Tuesday, November 9, 2010

WEREWOLF HAIKU by Ryan Mecum

Remember ZOMBIE HAIKU, with all its humor and gorey details? Well, Ryan Mecum returns to that particular form with WEREWOLF HAIKU, in which a mild-mannered mailman is bitten by a (not) dog while on his daily rounds and finds himself a werewolf.
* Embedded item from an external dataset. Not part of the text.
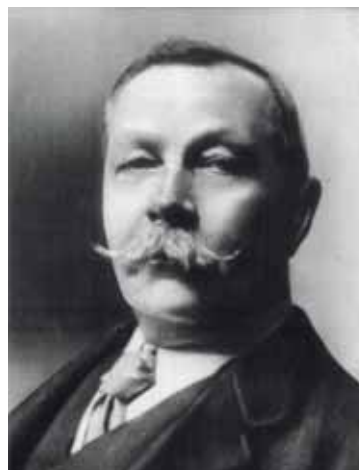
Conan Doyle, venu à Zermatt la même année que celle où il tue son héros dans les chutes de Reichenbach.

Depuis la fin des années soixante du XXe siècle, des zozos en costume victorien réalisent des pèlerinages en terres saintes helvétiques qui passent par notre canton. Il s'agit de membres éminents (comme ils le sont toujours) de la Sherlock Holmes Society. Ils se rendent en des lieux emblématiques liés à leur idole. A commencer par les menaçantes chutes de Reichenbach (Meiringen) où Sherlock trouva prétendument la mort le 4 mai 1891 (la nouvelle qui contient cette tragédie – «The Final Solution» – sortit, elle, en décembre 1893).

Turns out there are pros and cons to being a werewolf:

I can hear better,
even though both my ear holes
are clogged with whiskers.

Spiders have eight legs,
each of which I hear stomping
on my hardwood floors.

With heightened hearing,
current pop songs hurt my ears
more than they used to.
The poor mailman develops a unibrow and a lot of other hairy areas - ears, chest, tongue. And a tendency to chase cars and rabbits, howl at sirens, and hump legs. He's also become more of an attraction for dogs, which now follow him like the pied piper.


The descriptions of his killings and digestive issues are hideously nauseating, yet comical in a black sort of way:

When people eat corn
and spot them in their feces--
teeth are that way, too.
Pondering the classic children's tales involving wolves, he arrives at a number of amusing conclusions. I especially like this one:

Those three little pigs
would have been eaten too fast
for a fairy tale.

That ten-page story
should be a five-word sentence:
"A wolf eats three pigs."
His stalking of the girl he likes is creeeeeepy, and ends in a manner I didn't entirely expect, as does the book.